Where did Demersville painting go?
You wouldn’t believe some of the calls we get here in the Inter Lake newsroom. People count on us for all kinds of information, from the curtain time of a local theater production to finding a copy of Uncle Ernie’s obituary from 1957.
One time I took a call from a frantic housewife who had misplaced a recipe she’d clipped from the paper for sesame chicken, and she was just hours away from her guests arriving.
“I’ve got to have that recipe! I’ve got company coming,” she exclaimed.
I tracked it down.
Invariably, readers will call or stop by to get a copy of an article they saw in the newspaper, and they’re sure it was just a month ago. When we finally find what they were after, it often was published several months ago.
“Wow, I guess time flies,” is the usual response.
As time allows, we’re more than happy to help readers. Sometimes we have to solicit a little help from the public, though. That’s case with a recent inquiry I received from Charlene Madieros of Kalispell, whose parents, Pierce “Bud” and Synneve Reeves, were local artists who at one time operated a Main Street business in Kalispell called Frontier Lamps.
The Inter Lake featured the couple’s homespun artwork, their frontier towns crafted from wood, lamps, wall hangings, clocks and paintings.
Sadly, Bud passed away a week after the article was published just before Christmas in 2007. Synneve has been in nursing home in Missoula in the final stages of Alzheimer’s disease and died May 17 at age 92.

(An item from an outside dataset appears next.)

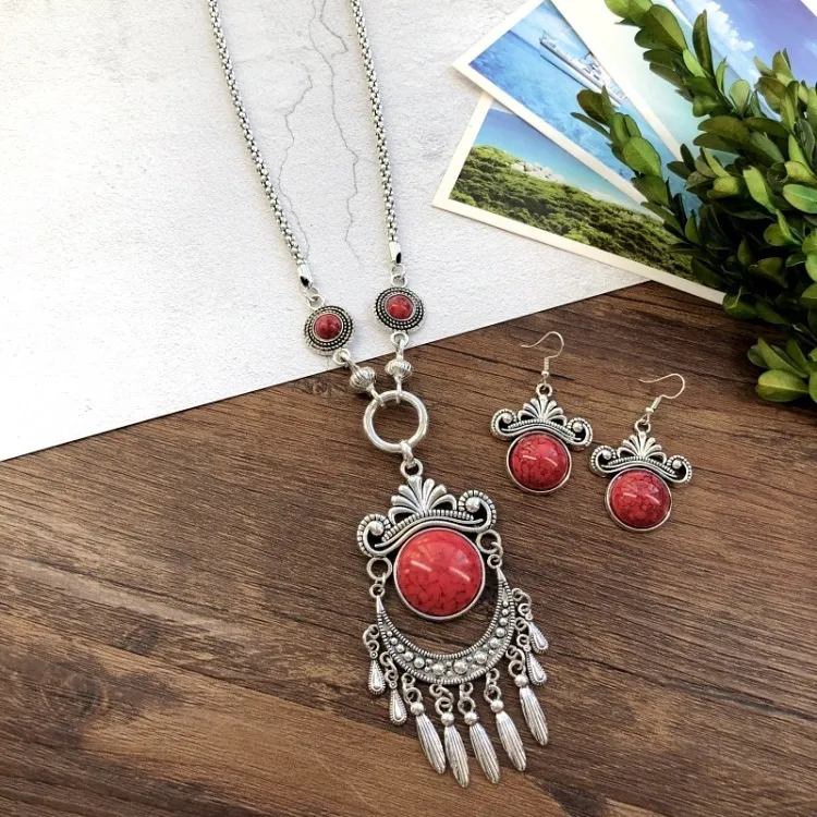 產品顏色 : C款綠-項鍊+耳環,D款綠-項鍊+耳環,A款藍-項鍊+耳環,B款紅-項鍊+耳環

One of the pieces they created was a painting depicting Demersville in a western town scene. The piece, 5 feet in width, hung in the Sizzler restaurant in Kalispell for years and then was featured at the new Sizzler that operated in north Kalispell before closing last year.
When Charlene saw an advertisement for an auction of the restaurant furnishings, she went to the pre-auction viewing and sure enough, there was her parents’ painting.

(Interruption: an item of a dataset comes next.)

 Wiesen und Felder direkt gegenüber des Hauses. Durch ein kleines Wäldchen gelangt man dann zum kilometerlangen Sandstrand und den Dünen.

“My eyes filled with tears at the perfect decoration and painting with their names neatly painted right there on the front caption,” she wrote in an email.
The auction clerk told Charlene how to go about bidding on her parents’ artwork, and Charlene, in turn, gave the clerk the history of the piece.

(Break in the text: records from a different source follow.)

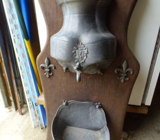 Ancienne Fontaine en Etain avec bac receveur - Ecusson motif Lion. Fleur de Lys - le socle est en bois, protégé à l'arrière par un tissu. Chaîne pour l'accrochage Antique Français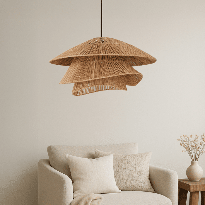 מנורת תקרה עשויה יוטה, בעיצוב תלת־שכבתי שמעניק מראה עשיר ודינמי לחלל.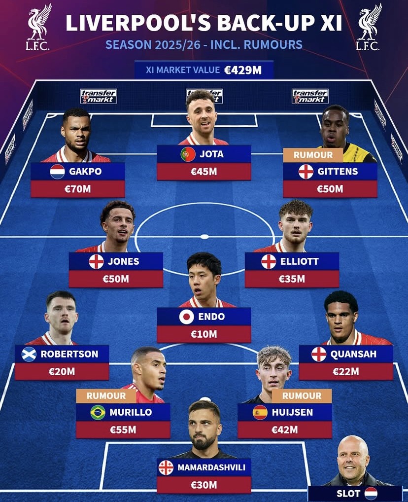 马马尔达什维利;夸安萨、赫伊森(绯闻对象)、穆里略(绯闻对象)、罗伯逊;埃利奥特、远藤航、柯蒂斯-琼斯;比诺埃-吉滕斯(绯闻对象)、迪奥戈-若塔、加克波

The owner of Sizzler commissioned Bud and Synneve to make the Demersville painting for his restaurant. Charlene doesn’t know how much her parents received for their work, “but the workmanship and time put into it was worth hundreds, if not thousands,” she said.
“Knowing my parents it was probably mostly in trade; that’s how they worked back then,” she said. “I would have bid on it at any cost if my finances permitted. There were about 17 bids on it when I put my offer in with a cap at $200 (worth so much more) ... in the end it sold for $350.
Charlene’s burning question is who purchased her parents’ painting of Demersville. She hopes they know the history attached to the piece.
“I think about it hanging in another’s home or business and just hope it has found a good home. It would be great to meet the new owners,” she said.
If you know where the artwork ended up, let me know and I’ll pass along the information to Charlene.